> Recorded data

○ ○ ○ ○ ○

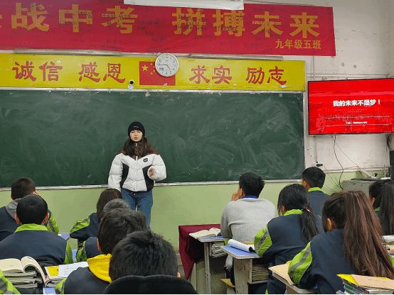 “种一颗树最好的时间是十年前,其次是现在。” 在同学们期待的目光下,团干热孜瓦古力结合自身求学和工作经历,通过图片和视频向同学们展示了缤纷多彩的大学社团和活动,辩论赛、迎新晚会、彩虹跑……使得同学们目不暇接,切身体会大学丰富多彩的第二课堂。“同学们想过上这种多姿多彩的生活吗?”“想!”台下同学齐声回答。并且她围绕上学的意义、高中的重要性、大学的定义、专业选择等五个方面层层递进展开宣讲,使初三学子们对未来的学习生活充满希望和期待,让大学梦在同学们心中生根发芽,激励他们不断努力,追求更高的目标。
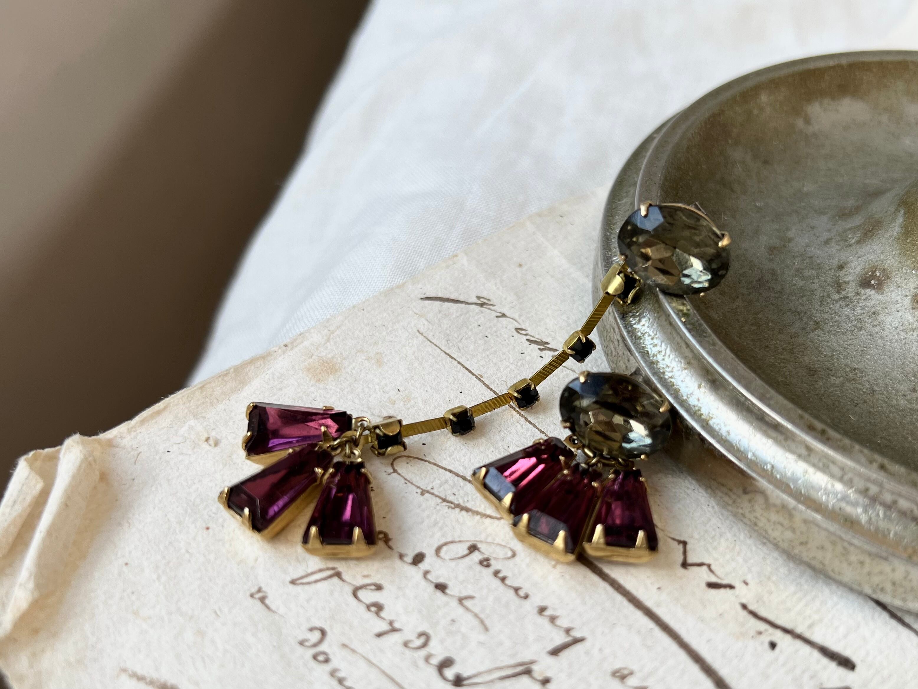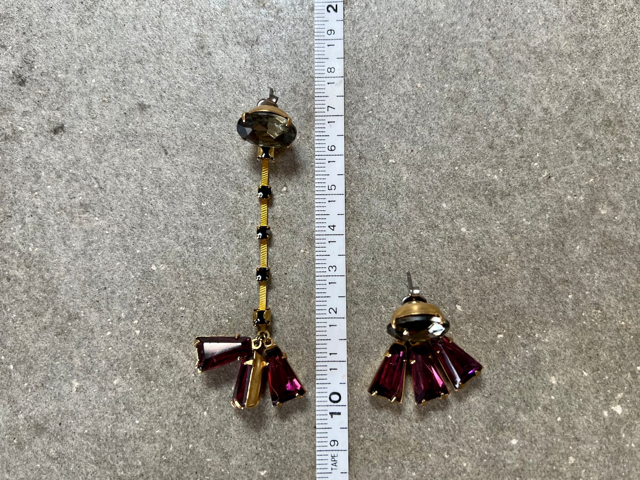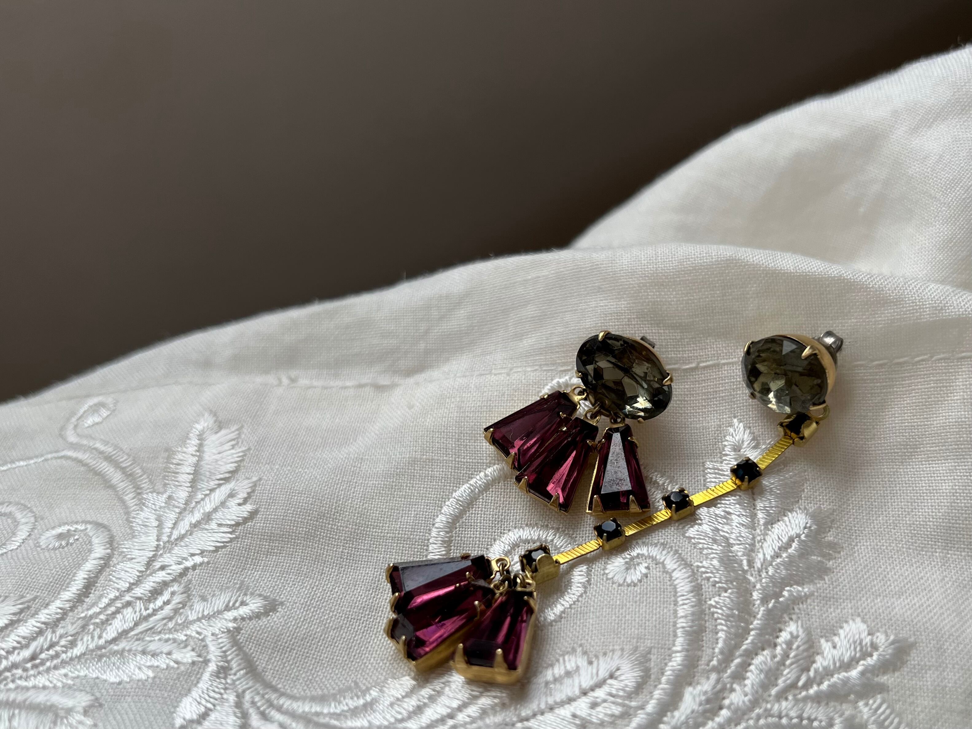 ヴィンテージパーツを使用してアシンメトリーなピアスを作りました。
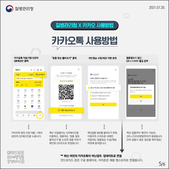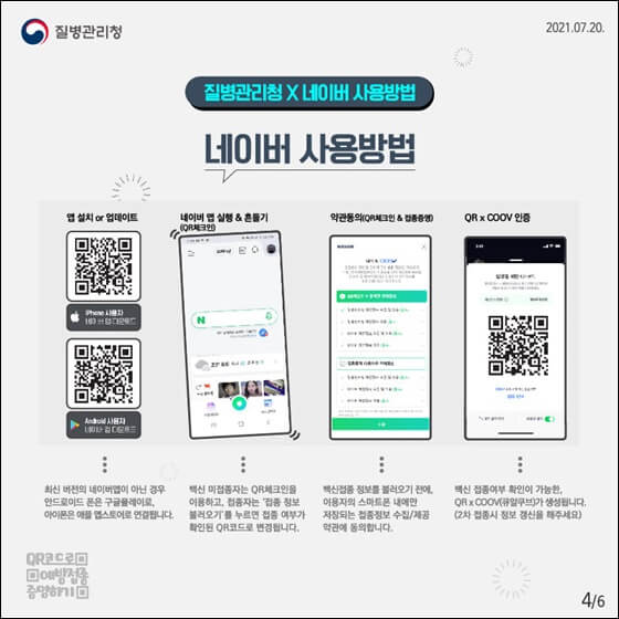 전자 출입기록 시 기존에 사용하던 카카오톡이나 네이버, 패스 앱 QR체크인에도 코로나 백신 접종 완료 정보를 연동할 수 있습니다. 백신 접종 여부 업데이트를 할 때에도 본인인증 절차를 거쳐야 합니다.
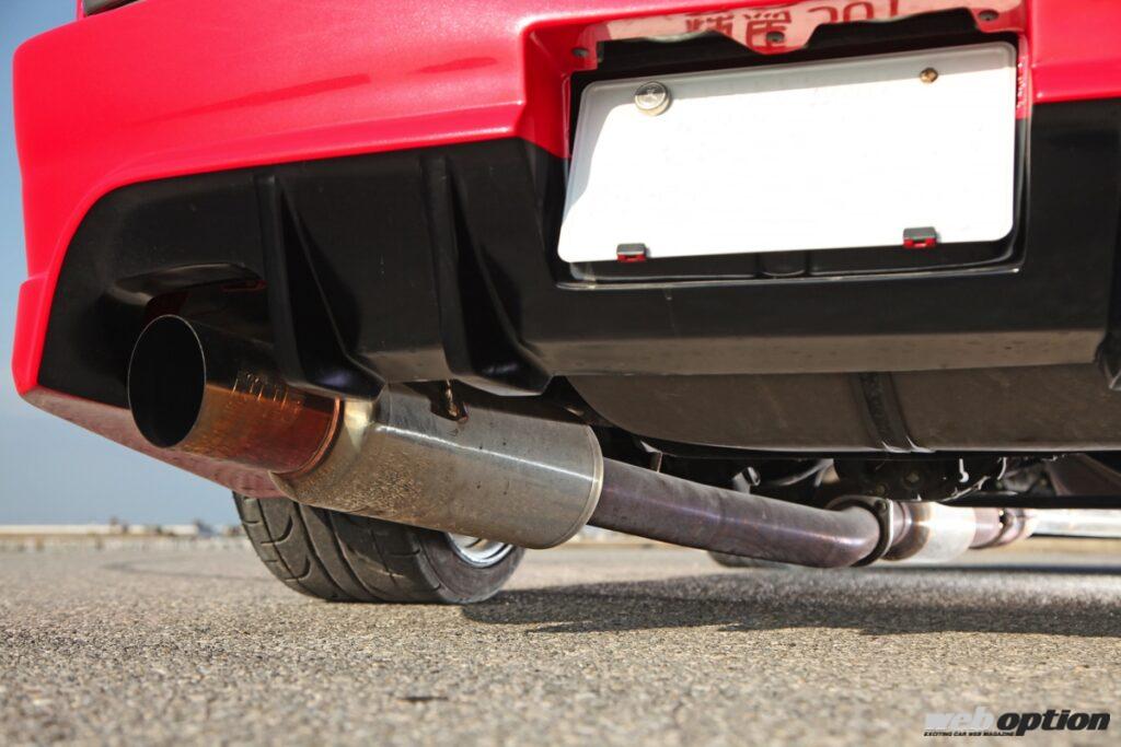 そしてサウンドチューニング。音質の要はEXマニということから、通常よりも肉厚の薄い38φパイピングを使った手曲げの6-2-1ワンオフEXマニを製作。そのまま80φのストレートマフラー(ブリッツベース)へと繋げることで、狙い通りの高周波サウンドを手に入れた。
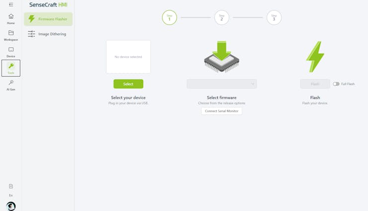 Let's give sole to this project, follow these steps to flash the Sensecraft HMI Fw onto our device
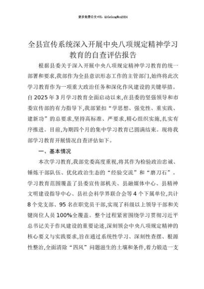 【七哥公文】2025年:【七哥公文】全县宣传系统深入开展中央八项规定精神学习教育的自查评估报告+更多免费公文+VX:QiGeGongWen2024+更多免费公文+VX:QiGeGongWen2024
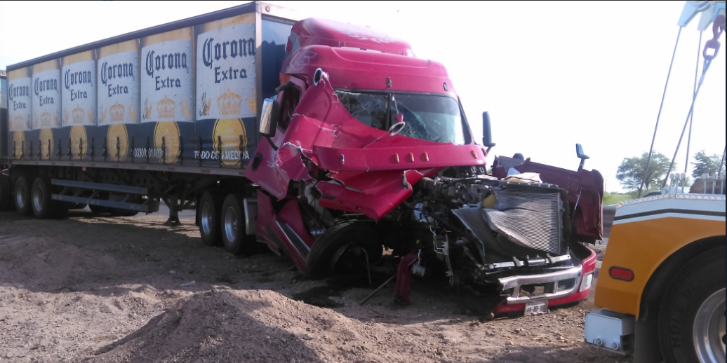 Un tráiler con doble remolque y cargado con envases para cerveza se accidentó debido a una falla mecánica que provocó que el conductor perdiera el control y chocara por alcance a la unidad que se desplazaba al frente y la cual pertenecía a la misma empresa.
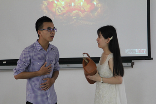 相信众多广外学子对广外的一个昵称“CPU”并不陌生,CPU是“crazy presentation university”的缩写。而2013年5月30日这一天,就有来自全校非英语专业的大一员工组成的超过40支队伍,在南教学区D栋参加了这次“高教社杯”广外大英语文化月英语课堂展示大赛复赛。这次比赛,是由悟空体育第一教学部承办,经贸公司团学合办的,英教公司的周小薇、罗恋恋、江健、姚银燕、单薇薇以及莫慧泳老师担任比赛评委。
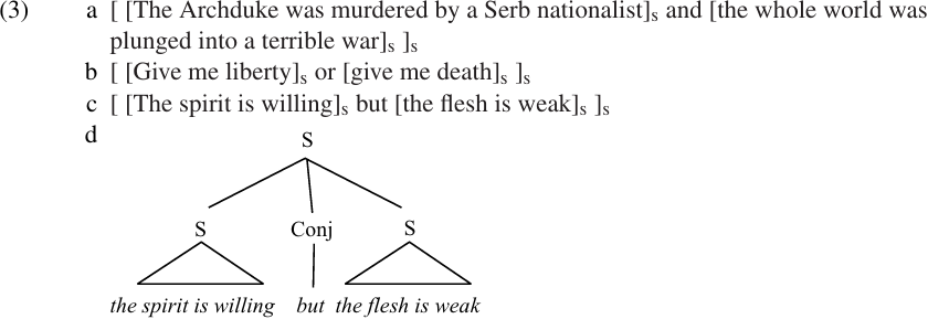 In a coordinate sentence, two (or more) S constituents occur as daughters and co-heads of a higher S. Each of the daughter clauses has the internal structure of an independent sentence, and neither is embedded in the other. Coordinate sentences in English are normally linked by conjunctions such as and, but, and or, as in the examples in (3). In other languages, coordinate sentences may be formed by simply juxtaposing two independent clauses, with only the second receiving final intonation.
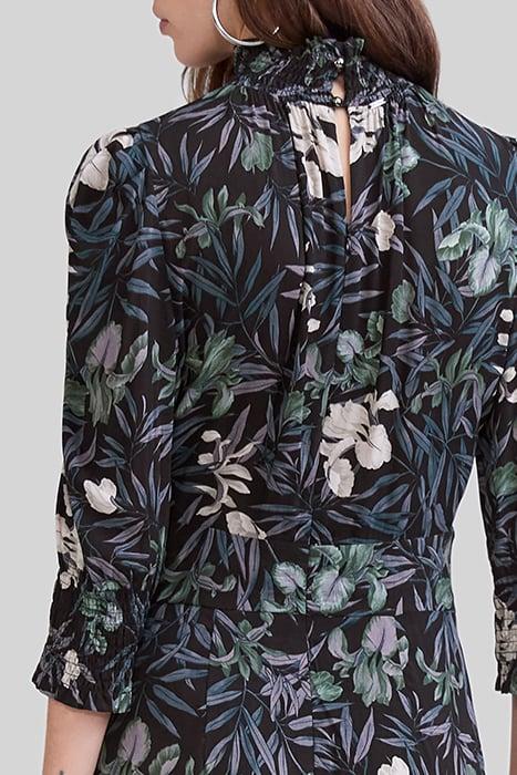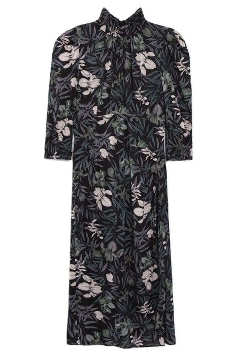 BLACK LENZING™ ECOVERO™ ORCHID PRINT MIDI DRESS
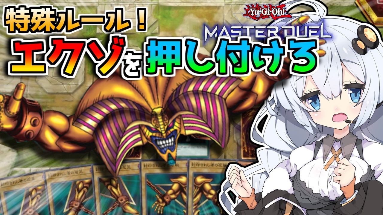 ー現代遊戯王が体感できる神ゲー「遊戯王マスターデュエル」の実況動画ー<br>☆三幻神を束ねることで召喚できる「光の創造神ホルアクティ」での先行ワンキルを求め続ける紲星あかりがyu-gi-oh Masterduelにもやってきた!!!<br>LIVE2Dで胸が弾むよ(*'▽')<br><br>★5枚のカードを揃えると勝利の「封印されしエクゾディア」。本来なら勝てるのに今回は揃えると負ける!?特殊レギュレーション「エクゾディアを揃えると負けデュエル」で遊んでみるとゲームのメタが次々見つかり意外と奥が深い!?アンリミテッドレギュの禁止カードありだから「強欲な壺」も大活躍!コイントスでギャンブルデッキも可能!<br><br>前➡<a href="https://www.nicovideo.jp/watch/sm41228157" class="watch">sm41228157</a><br>次➡<a href="https://www.nicovideo.jp/watch/sm41284209" class="watch">sm41284209</a><br>マイリスト→<a href="https://www.nicovideo.jp/mylist/68429101" target="_blank" rel="noopener">mylist/68429101</a><br><br>☆素材元様☆<br>立ち絵<br>紲星あかり:みるくぱんだ 様<br>ついなちゃん:akihiyo 様<br>結月ゆかり:四ラユメ 様<br>BGM<br>夏夜-kaya-:煉獄庭園 様<br /><br><span style="color: #434343; font-size: 10px;">ついったー:<a href="https://twitter.com/shiki_yokosuka" target="_blank" rel="noopener nofollow">https://twitter.com/shiki_yokosuka</a></span>
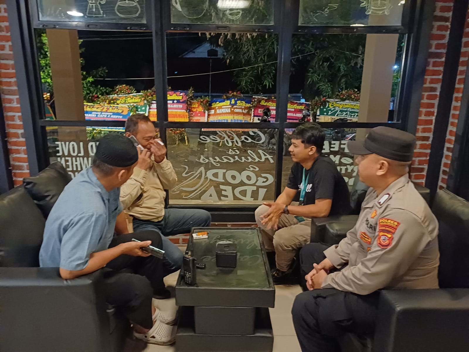 Majalengka, – AKP Iwan Sutari, Kapolsek Majalengka Kota, bersama dengan anggota Polsek Majalengka Kota,Polres Majalengka,Polda Jabar melaksanakan silaturahmi dan dialogis dengan pihak Manajemen Namina Coffee & Resto yang berlokasi di Jalan Ahmad Yani, Kecamatan Majalengka, Kabupaten Majalengka. Kamis (11/04/2024) malam.
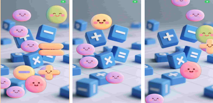 创新引入三维动态符号系统,将“+−×÷=”等运算符具象为可拖拽、组合、碰撞的立体元素。玩家需在限定时间内完成符号匹配与算式构建,同步训练观察力、反应力与基础代数思维。难度曲线平缓,支持自定义题型范围(如仅加减、含括号等),满足差异化学习需求。
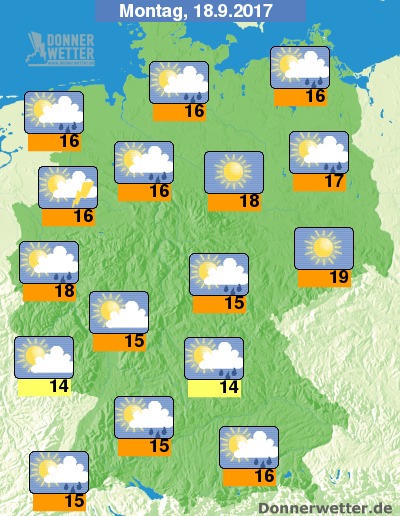 Zum Wochenstart zeigt sich vor allem der Osten Deutschlands oft heiter bis sonnig und zum Großteil trocken, ansonsten gibt es jedoch meist einen Wechsel aus zeitweiligem Sonnenschein und teils dichten Wolken, dabei bilden sich gebietsweise Schauer und örtlich sogar Gewitter. Die Temperatur liegt bei 14 Grad in Mittelfranken und etwa 19 Grad in der Lausitz.
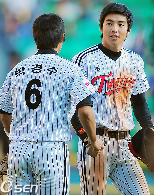1회말을 마치고 이대형이 박경수에게 축하를 받고 있다./rumi@osen.co.kr
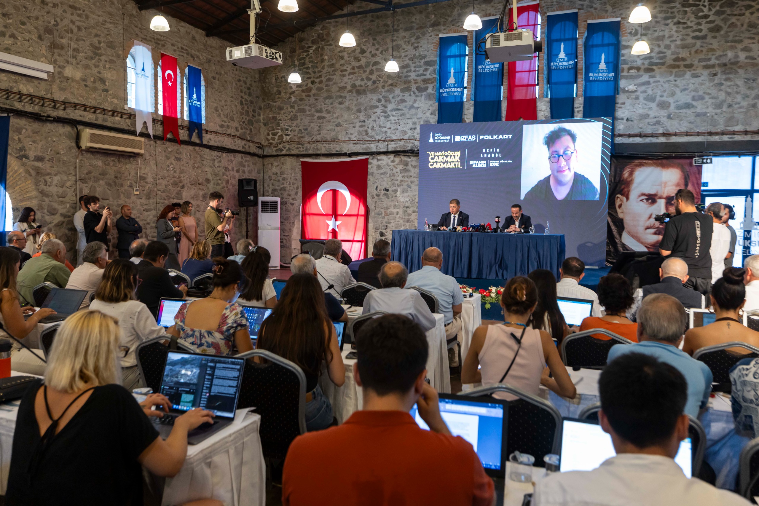 Folkart Yönetim Kurulu Başkanı Mesut Sancak, fuarın ve sergilerin organizasyon sürecini anlatarak, İzmir Büyükşehir Belediyesi işbirliğiyle sanatı ulaşılabilir kılmayı hedeflediklerini belirtti.
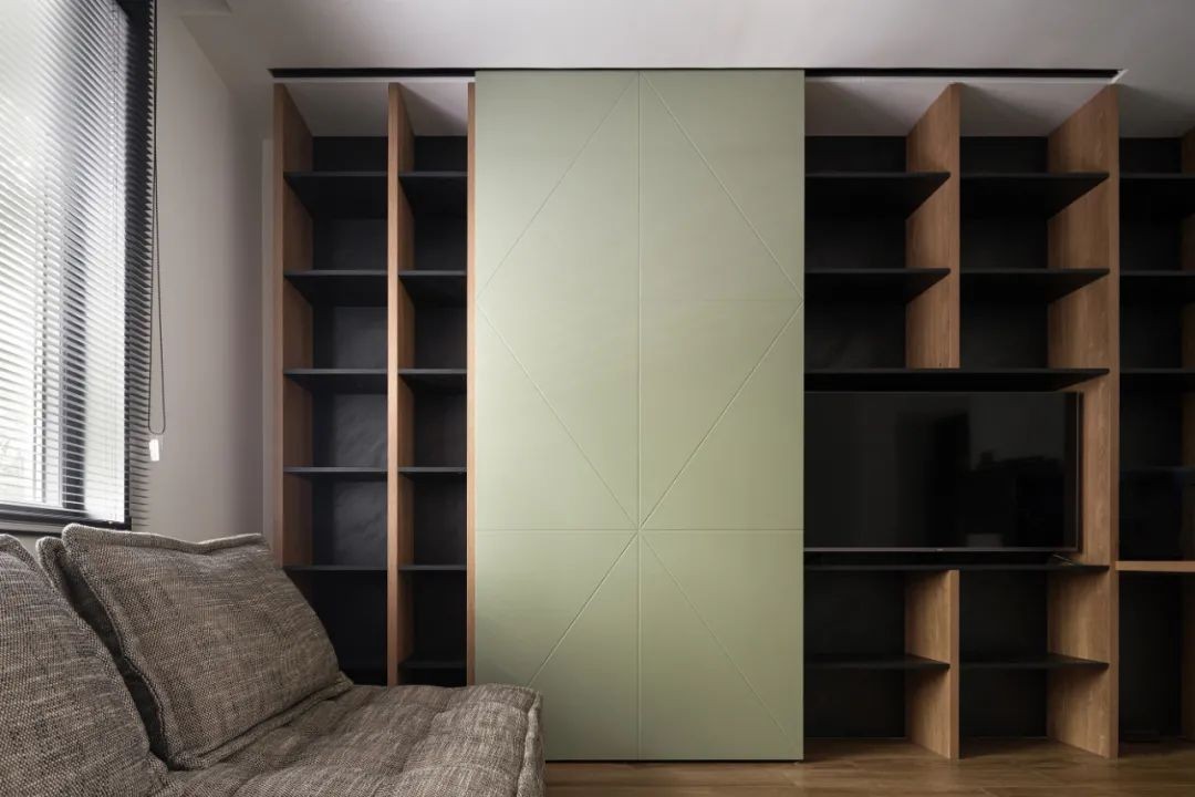 客厅打破原有固定的设计,在电视墙做了吊轨的滑门设计,平时电视隐藏起来,弱化了电视的存在,对于营造安静的学习环境很有帮助。
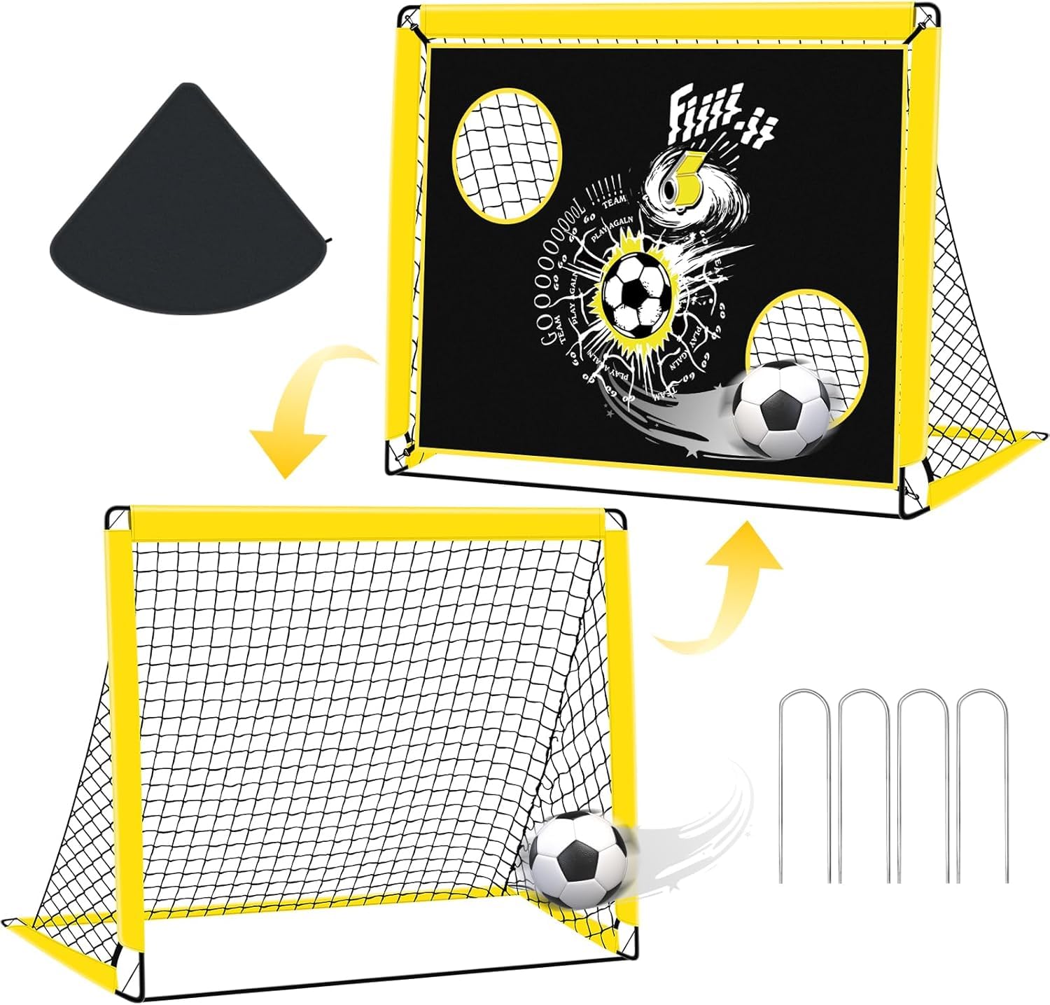 Portable 2-in-1 football goal net for kids’ training at home or in the park.

○ ○ ○ ○ ○

> WHAT IS NEEDED
Starting at the line above with "Let's give sole", output every line exactly up to and including the line with "BLACK LENZING™ ECOVERO™", but none of the pictures.

> ANSWER TO THIS EXERCISE
 Let's give sole to this project, follow these steps to flash the Sensecraft HMI Fw onto our device
 【七哥公文】2025年:【七哥公文】全县宣传系统深入开展中央八项规定精神学习教育的自查评估报告+更多免费公文+VX:QiGeGongWen2024+更多免费公文+VX:QiGeGongWen2024
 Un tráiler con doble remolque y cargado con envases para cerveza se accidentó debido a una falla mecánica que provocó que el conductor perdiera el control y chocara por alcance a la unidad que se desplazaba al frente y la cual pertenecía a la misma empresa.
 相信众多广外学子对广外的一个昵称“CPU”并不陌生,CPU是“crazy presentation university”的缩写。而2013年5月30日这一天,就有来自全校非英语专业的大一员工组成的超过40支队伍,在南教学区D栋参加了这次“高教社杯”广外大英语文化月英语课堂展示大赛复赛。这次比赛,是由悟空体育第一教学部承办,经贸公司团学合办的,英教公司的周小薇、罗恋恋、江健、姚银燕、单薇薇以及莫慧泳老师担任比赛评委。
 In a coordinate sentence, two (or more) S constituents occur as daughters and co-heads of a higher S. Each of the daughter clauses has the internal structure of an independent sentence, and neither is embedded in the other. Coordinate sentences in English are normally linked by conjunctions such as and, but, and or, as in the examples in (3). In other languages, coordinate sentences may be formed by simply juxtaposing two independent clauses, with only the second receiving final intonation.
 BLACK LENZING™ ECOVERO™ ORCHID PRINT MIDI DRESS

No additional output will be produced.